Wir gehen erstmal Richtung Küste weiter. Es hat für die kommenden Tage Regen angesagt und so denken wir uns, dass wir auf den Küstenstrassen besser aufgehoben sind als in den Bergen. Das Wetter wird besser sein als angekündigt und wir finden einen schönen Strandabschnitt mit freilaufenden Hunden, Katzen, Esel und Pferden. Anfangs sind es 3 Camper, nach drei Nächten dann 11. Wir entspannen uns hier, halten uns still, geniessen das Meer, gehen joggen, lesen und sammeln Ghüder ein. Marc sammelt, genau wie daheim in der Schweiz auch, immer mal wieder den Ghüder in der Umgebung und bei Wanderungen ein. Seine Nichte Camille macht es mittlerweile auch so, gäu Melanie (mängisch scho falsch chli ds ehrgeizig ;-).

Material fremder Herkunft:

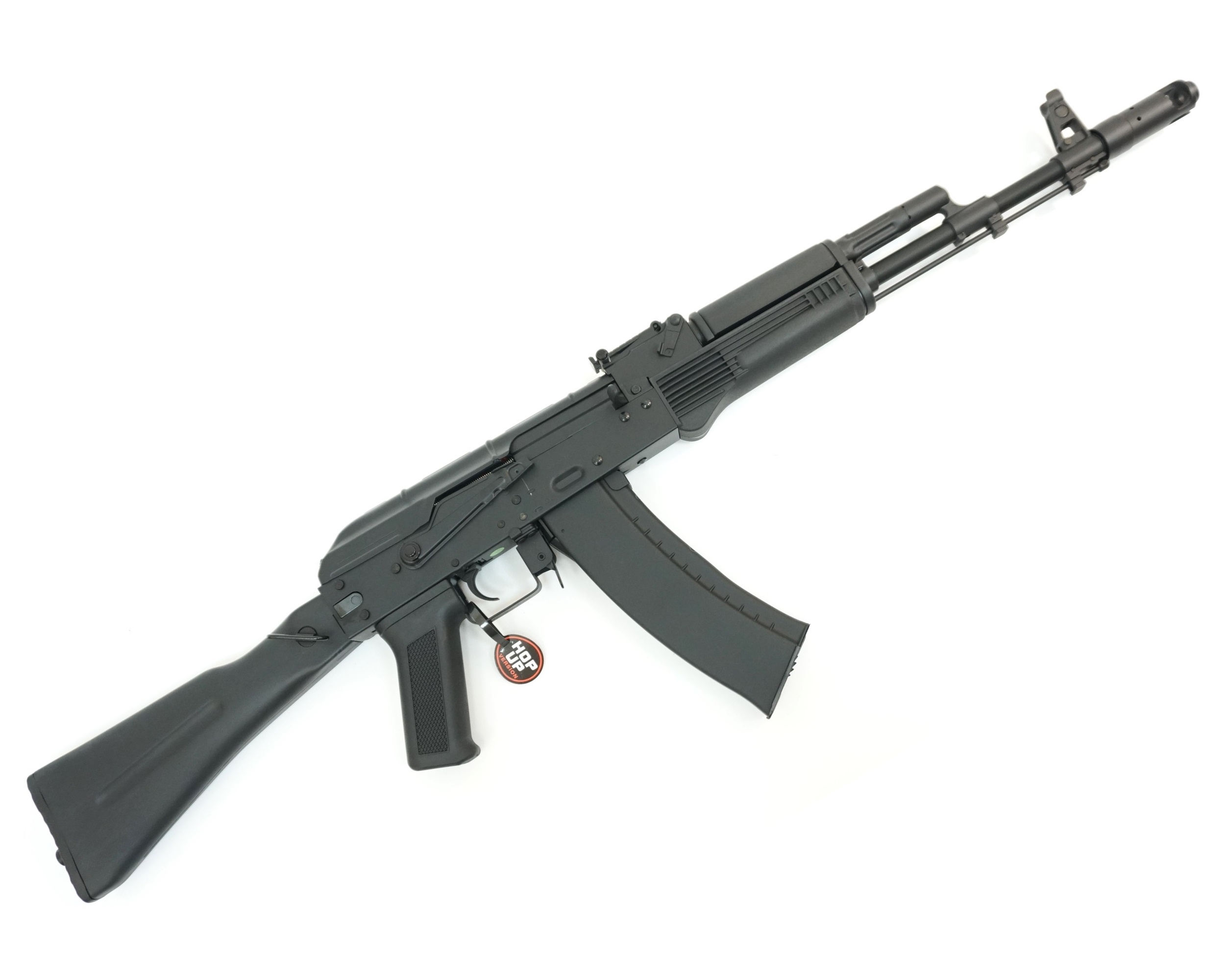 Приклад, цевье и пистолетная рукоятка выполнены из пластика. Изделие отличается хорошей подгонкой деталей между собой и практически полным отсутствием люфтов. Вес автомата приближен к весу боевого оригинала, и составляет 3,2 кг. Длина с разложенным прикладом – 94,5 см. Комплект привода включает шарики, магазин, аккумулятор с зарядным устройством, шомпол и инструкцию.
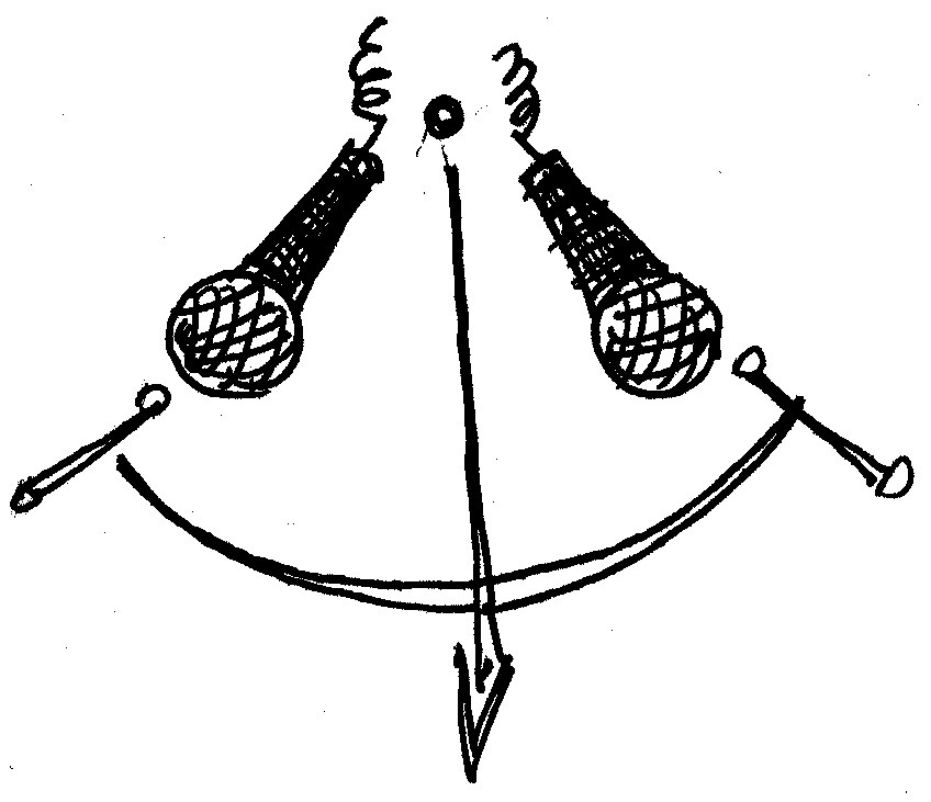 Swiss engineer Jürg Jecklin found that placing an acoustically "dead" disc between two omnidirectional mics was an effective way to record classical ensembles. Over the years this type of baffle has been dubbed the Jecklin Disc, and it works on all kinds of sources. Some companies make Jecklin inspired discs, but you can rig one up at home. The first thing you want to do is figure out what type of material you want to use for the disc. Choose something firm, yet strong. plexiglass, wood, and even a small pizza pan can work. Second, find a way to decrease reflections from the disc's surface. For example, a small pillow can be sliced open and slid over the disc. Try different things.
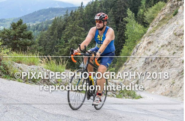 Quelques mots échangés et je poursuis à mon allure, mais me fait aussi doubler par certains. Je suis un peu surpris de me faire doubler, mais c’est vrai que d’habitude je suis dans les tous derniers après la natation, ce qui n’est pas le cas aujourd’hui. Je me souviens qu’il y a 2 ans j’avais souffert à la fin de ce col, mais la chaleur était toute autre. Là avec les conditions du jour (toujours sans pluie), cela se passe beaucoup mieux. Je descends le col de Chaussy en faisant attention (j’avais failli chuter la dernière fois), car il y a notamment 3-4 virages vraiment délicats.
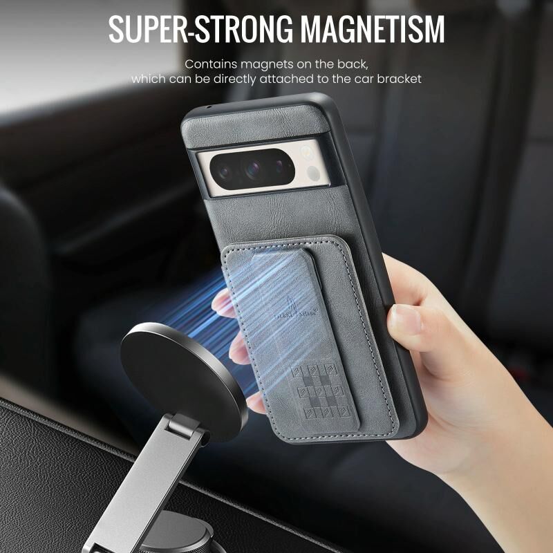 Για το Google Pixel 7 Pro Fierre Shann Oil Wax Cow Leather Card Holder Back Phone Case(Grey) (FIERRE SHANN)

In der Nacht am Strand werden wir fast seekrank, weil es deräwä am Bus ruckelt vom Wind. Aber nach einer nächtlichen Google-Recherche von Rebe sind wir beruhigt, es braucht schon viel, bis ein stehender Bus kippen kann…sehr viel mehr 😉

Das Wetter war übrigens immer besser als angekündigt…das zieht sich so durch unsere ganze Reise bisher. Finden wir ok.

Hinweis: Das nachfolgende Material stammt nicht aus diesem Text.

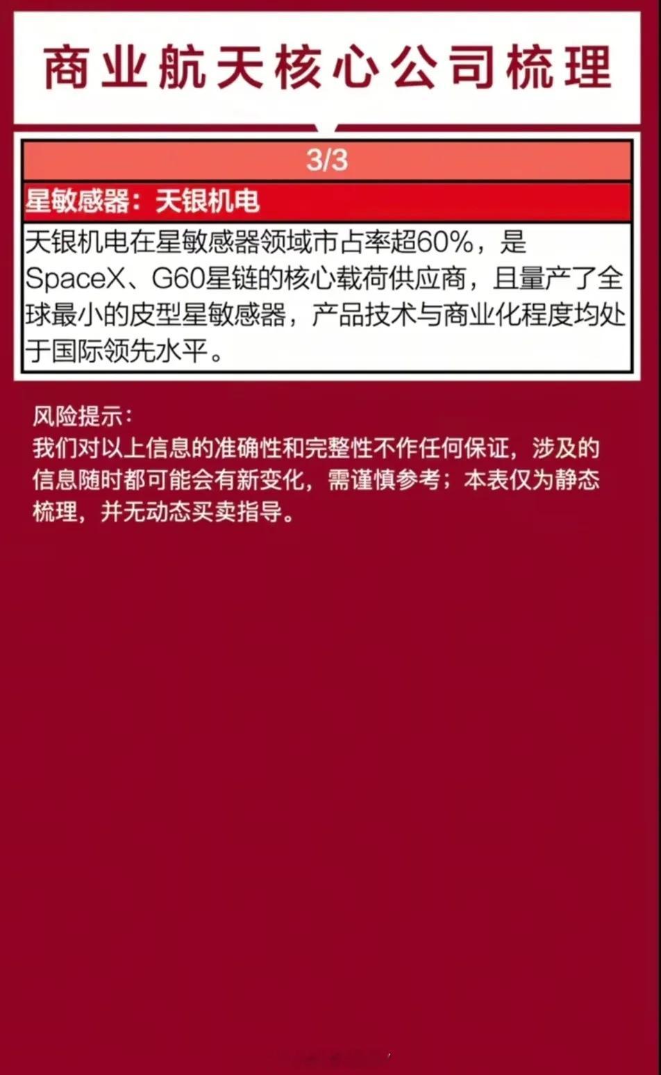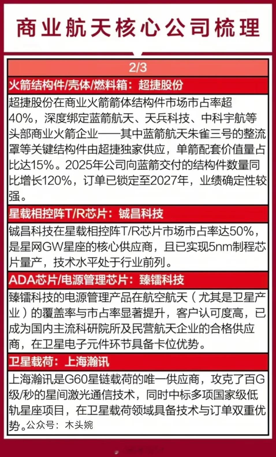 商业航天重磅利好,最新版本题材概念龙头梳理出炉!全球及中国商业航天市场规模均呈高速增长态势,国内因政策与技术双重加持,增速尤为突出。到2030年国内市场规模预乐观预估则可达7 - 10万亿元,这一增长将受益于卫星互联网组网、可回收火箭技术落地及手机直连卫星等应用场景的普及。商业航天产业链从火箭发动机材料到卫星载荷,哪些核心企业凭技术和市占率站稳脚跟,这十大行业龙头未来值得关注!航天材料龙头代表有西部材料、国机精工。火箭发射行业龙头代表有航天动力、超捷股份等等。卫星运营方面的核心龙头代表有中国卫星、天银机电等等。资料取材网络仅供参考不能作为投资依据,理财有风险入市需谨慎!航天概念股航空航天板块

Weiter gehts in Richtung Blue Eye (Mele: Definitiv WOW-Factor) und dann nach Gjirokastra. Die Stadt gehört zum Unesco Kulturerbe. Wer in Albanien ist, sollte dieses mittlerweile halt sehr touristische Städtchen wirklich nicht verpassen. Wunderschön wie sich die alten Häuser entlang der Gassen in den Hügeln aufreihen. Dominik ist wieder mit von der Partie, wir freuen uns sehr. Wir gehen fein essen und schlendern dann zu unserem Camping. 

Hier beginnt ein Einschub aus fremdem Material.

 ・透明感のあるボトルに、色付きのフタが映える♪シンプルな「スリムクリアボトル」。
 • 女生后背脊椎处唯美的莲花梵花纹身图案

Am nächsten Tag fahren Marc und ich nach Përmet, zu den warmen Quellen. Entlang eines Flussbeets gibt es ungefähr 6 Bassins , die gegen 30°C sind und herrlich zum Sonnenbaden und relaxen einladen. Rebe geniessts und dräckelet no chli ume, Marc fotografiert lieber als auch mitzumachen.

Von den heissen Quellen gehts über eine frisch asphaltierte aber nochmals sehr kurvenreiche Strasse bis zum Grenzübergang nach Griechenland. An dieser Grenze treffen wir auf den Eingangs erwähnten Zöllner und sagen Albanien Adé…und klaro, wir kommen wieder!